3. Aug 24th Flashcards
Can the null hypothesis be true?
Yes, in a controlled manipulative study.
What are multiple types of regression tests an example of?
The general linear model
- The most important topic of this entire class
What is the simplest form of the general linear model?
Simple linear regression
- Continuous x, continuous y
What are the two purposes of regression?
- Fit a line to data
- Test if the slope of that line is significant
- – If p-value < 0.05
What are the three possible causes of a large p-value?
If the p-value > 0.05, we don’t know if:
A) Sample size is too small
B) Effect size is too small
C) Too much noise
The traditional equation for a line
y = mx + b
b is the y intercept
m is the slope (change in y value/change in x value)
The stats equation for a line
General
Y = Beta-0 + Beta-1(X)
B0 is a constant
B1 is regression coefficient
Specific
y-hat = Beta-0 + Beta-1(X)
y-hat = predicted value of dependent variable
What two elements make up the relationship between every x and y (i.e. the line)?
Our equation PLUS Epsilon
E = error (normally distributed)
What two requirements must be met to be a “best fit line”?
- Average error = 0
- – (The distance from each point to the line added up)/n = 0 - The sum of squared error is minimized
- – Squaring to get rid of negatives
- – Complicated models are done iteratively
What is the more technical name for “total variance in y”?
Total Sum of Squares
Total Sums of Squares (SST): summed square of distance from data to null hypothesis line (0 slope)
Represents ALL the information we have
SST = SSR + SSE
Sigma(n top, i=1 bottom) (Yi - y-bar)^2
Yi - any individual Y (observed dependent variable)
Y-bar- average/mean y
What 2 things does the total sum of squares partition variation into?
https://365datascience.com/sum-squares/
- SSR- sum of squares due to regression
— The variation in y due to variation in x
Sigma(n top, i=1 bottom) (Yi-hat - y-bar)^2
Yi-hat = Your predicted value of y
Y-bar = average/mean of Ys AKA mean of the dependent variable - SSE- sum of squares due to error
— Noise
Sigma(n top, i=1 bottom) (ei^2)
e = difference between the observed value and the predicted value
What type of p-value will you get if sum of square error (SSE) is larger than sum of squares regression (SSR)?

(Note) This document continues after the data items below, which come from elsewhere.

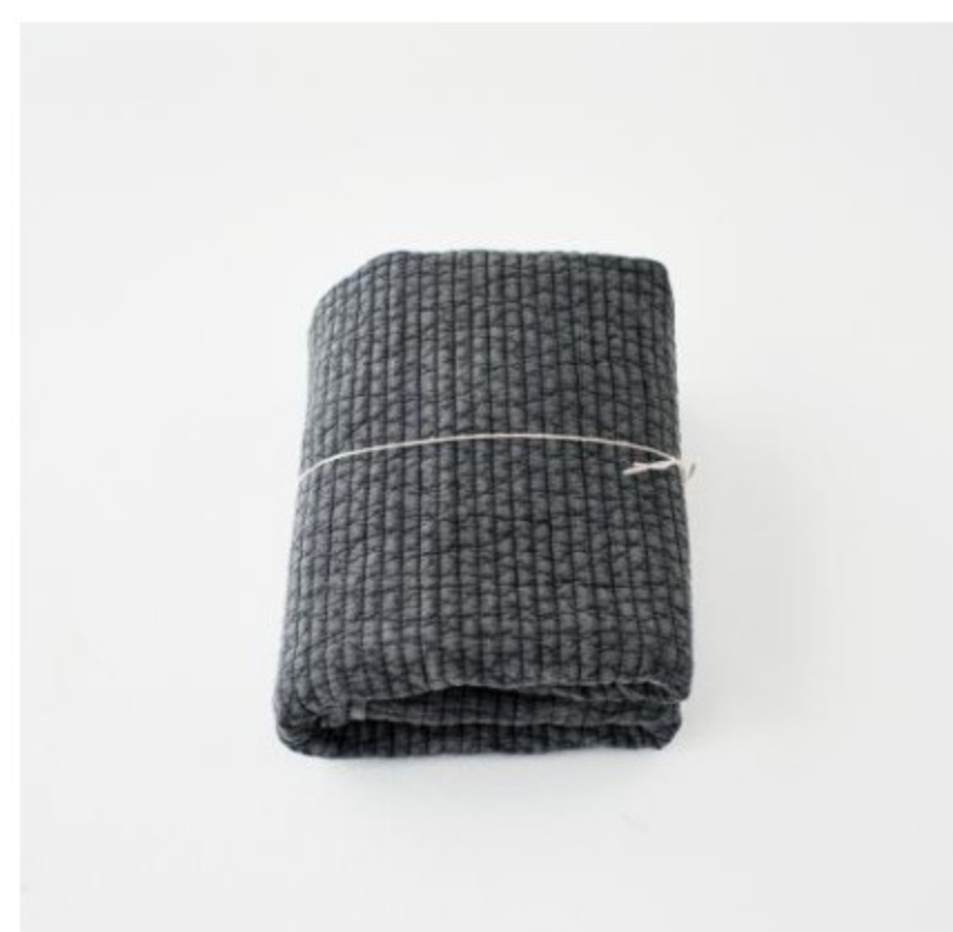
チャコールグレー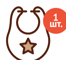
Слюнявчик с завязками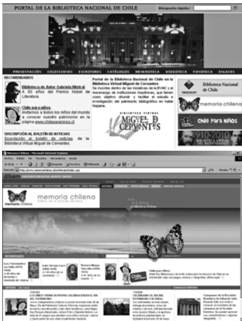
Portal de contenidos culturales Memoria Chilena. Proyecto de digitalización iniciado el año 2000. Al año 2006, más de 700.000 imágenes digitalizadas.

Sin embargo, ésta no es una tarea sencilla, pues es necesario considerar varios aspectos como el estado físico y legal de la información a digitalizar, la comunidad y el uso a la que está dirigida, el tipo de formato analógico en que se encuentra (audio, video, microfilm, papel, etc.), además de otros factores propios de la conversión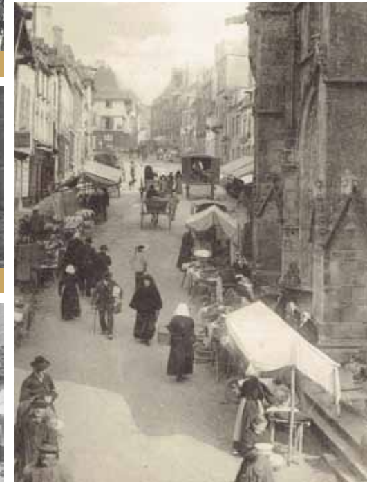
Rue Olivier de Clisson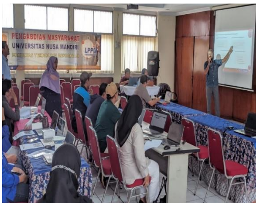
Gambar 5. Pelaksanaan Pengabdian Masyarakat

Pada gambar 5 dapat dilihat bahwa saat pelaksanaan berlangsung tutor menjelaskan materi

A large p value (greater than 0.05)
What type of p-value will you get if sum of squares regression (SSR) is greater than sum of squares error (SSE)?
A smaller p-value (smaller than 0.05)
Also means that movement in y is mostly due to x
Important take aways of regression
1) Best fit lines mean
- –a) Average error = 0
- –b) Minimize sum of squares error (SSE)

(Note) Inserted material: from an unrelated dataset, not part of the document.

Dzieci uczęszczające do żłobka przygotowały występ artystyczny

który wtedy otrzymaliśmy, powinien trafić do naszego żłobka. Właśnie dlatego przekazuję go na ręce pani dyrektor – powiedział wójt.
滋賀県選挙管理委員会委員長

2) P-values are calculated by partioning variation in y into
- – Sum of squares regression (SSR)
- – Sum of squares error (SSE)
What does regression display?
Correlation
NOT causation
What DO you have to do to determine causation?
A MANIPULATIVE experiment.
Observational studies will not prove causation.

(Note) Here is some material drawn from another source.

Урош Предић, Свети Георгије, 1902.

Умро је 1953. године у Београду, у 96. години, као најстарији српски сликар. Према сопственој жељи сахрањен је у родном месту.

This is the VERY reason that debates about global warming even exist.
— We don’t have 3 Earths to manipulate. We cannot do manipulative studies.
How can you test to be absolutely sure your R data results are correct?
Make the data yourself.
What does the professor not believe in?
“I don’t believe in randomness. Randomness is just other measurable things we haven’t measured.”
How to load data to R
1) datum=read.csv(file.choose())
2) head(datum)
How to plot in R
plot(Y~X,data=datum)
How to run almost any regression in R
lm(same inside as plot)
What does he recommend you save your results as?
results
results=lm(Biomass~Rainfall, data=datum)
summary(results)
What single function gives you most of the data you’re looking for in your results?
summary()
What is R^2?
The proportion of variation in y explained by x
If:
R^2 = 1, all points are on the regression line. Perfect fit.
R^2 = 0, no slope, no points on the line
R^2 always goes up when you add x-values